In the final countdown to MDR compliance, organisations now realise that the only way to ensure consistency and reliability is to have a single global source of labelling ‘truth’ that all market-facing product information and materials flow from; one definitive place to update and check everything - which any authorised team can access, anywhere in the world, supported by appropriate controls governing who can do what to and with the content assets.
Integrating & harmonising processes takes time
Arguably the most significant impact MDR has had on medical device manufacturers relates to the scale of work involved. Many companies drastically underestimated this, leaving projects too late. Dispersed teams and disjointed processes, as well as inevitable duplication between content sources such as translation databases (for instance where these have existed separately for label and IFU creation), make for highly complex scenarios that take time to unravel. That’s before improvements can be implemented to streamline and (where possible) automate processes, such as change management.
The danger, where companies have left MDR preparations until the eleventh hour, is that they are forced by time pressures to do the minimum required for compliance, even if that is a costly workaround that doesn’t deliver the quality control, compliance confidence or process efficiencies the manufacturer needs.
Change is a constant
Another sobering realisation has been that regulatory disruptions are not – or certainly won’t be - a one-off event. Any companies that haven’t taken the time to do things properly this time around, then, face having to go through new upheaval next time new international requirements are introduced.
For instance, product serialisation on device labelling is likely to become mandatory in the coming years. For the time being, manufacturers marketing products in Europe only have to provide UDI information to the EU EUDAMED database, but from May 2021 unique product identifier codes/detailed product serialisation information will have to appear on all product labelling.
The 2021 deadline applies for the most safety-sensitive - Class III - devices; followed by Class II in 2023, then Class I items in May 2025. The UDI must appear in plain text on all packaging parts of a product; be machine-readable; and include a wealth of very specific information under two different categories – a Device Identifier (DI) and a Production Identifier (PI) – so there is a lot to get right in the coming months and years.
This is the first time in the medical device sector that changes to labels and IFUs have come at the same time, driving home to manufacturers just how inadequate some of their existing disconnected processes are. If they haven’t already, companies are likely to review the extent of their inefficiencies and start working towards a common approach to managing market-facing information, based on common content and shared data, and more joined-up ways of working.
Moving forward
While the outstanding tasks may sound onerous, it is worth companies keeping in mind the bigger picture in all of this, which is about ensuring patient safety and restoring public trust in the industry and its products.
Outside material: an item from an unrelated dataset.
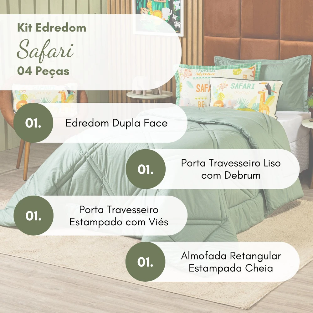Ideal para quartos infantis, o Kit Edredom Safari não só adiciona um toque de estilo com suas cores e estampas vibrantes, mas também oferece a qualidade e o conforto que seu filho merece. Este conjunto é perfeito para criar um ambiente acolhedor, divertido e moderno, onde as crianças podem descansar e se divertir. Confira!
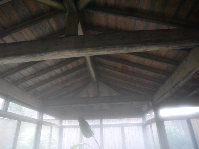 高い天井には 立派な柱

Those manufacturers that are seen to comply readily, even going the extra mile to give consumers the reassurances they need, will gain in market confidence around their brand.
The desire for greater transparency, and consumer self-service (the ability to look up the products prescribed to them), is not going to go away so the more than manufacturers can do proactively to satisfy this need, the better received their products will be. The specific requirements of MDR are just part of this bigger picture, so manufacturers should not be limited by them.